The tunes are perfectly aligned with the artwork (or vice versa). They are therefore rather simple, but with clear structures. Furthermore, they convey a spooky feeling and, last but not least, they have style. Deathwish commute between mid-tempo and high speed, they do not lack of aggression and the outstanding riffs are their biggest asset. "Demonic Attack" blows the listener away due to its energetic, restless verses, the concise chorus and its carefully thought out solo. Additionally, the lead singer delivers an excellent performance. Splendid vocal lines meet a charismatic voice that is not afraid of some high-pitched screams from time to time. Yet this is only the first highlight; many follow.

Idiots, everywhere idiots. One of them designed the back cover with the effect that the song titles do not appear in the right order. The mid-paced "Exorcist" with its double-bass driven chorus is the third track, not, as indicated, the title track. Yet this does not matter at all. Both tunes leave a lasting impression. "At the Edge of Damnation" has, of course, a perfect main riff and the chorus develops a very specific dynamic. Only the solo part is somewhat strange, because it does not possess the fundamental heaviness of the other song parts. Anyway, all these pretty irrelevant details are forgiven as soon as the furious "Leaving Your Life Behind" blows the horns for attack. Razor-sharp guitar lines form an unbending thrash jewel. To put it in a nutshell, the songs of the A side deserve the highest praise, only the opener cannot keep the pace. And there is another small deficiency. The production lacks slightly of power. The single instruments are not perfectly defined. But I don't care. Although this is not the most brilliant mix in the history of metal, it is absolutely acceptable and everybody who does not buy this album just because of its sound needs a doctor. We who are healthy enjoy the old school feeling.

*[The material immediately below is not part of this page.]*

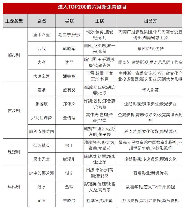 都市剧《重中之重》《后浪》《大考》《大运之河》本月杀青的项目中,献礼题材占比颇多,商业性强的项目较少。《后浪》是唯一一例。由耀客传媒、优酷出品,六六编剧,《后浪》虽相对商业化,但也少不了对正能量的渲染。一方面,该剧是少数由老戏骨领衔主演的都市题材作品,在厚重感上更强;另一方面,该剧的题材以中医传承为主线,自带传统文化价值。而在商业化的部分,赵露思、罗一舟等年轻演员有一定的流量属性,老师+学生群的设定在都市题材里还颇具新鲜感。

The B side... is a typical B side. Guess you know what I mean. There is not a significant loss of quality and the robust and powerful tracks remind the listener of the fact that it is always good to be able to play air guitar. "For Evil Done", for instance, has all it needs to be a well respected member of the thrash community. Doubtlessly, coherent riffs, the hoarse yet vigorous voice and logical structures still characterize the songs. Yet whenever I have to choose between the A and the B side, my decision is clear. Nevertheless, "Sword of Justice", a close relative of "Demonic Attack", gets the pulse racing faster in view of its straight and fast conception. Deathwish were just too strong to write mediocre tracks and the entire album is worth listening. So many bands have molested us with half-baked comebacks (names like Metal Church, Running Wild or Bulldozer come to my mind) with the effect that I don't know whether to laugh or to cry that Deathwish never returned. However, the quality of their two classic albums will remain unaffected.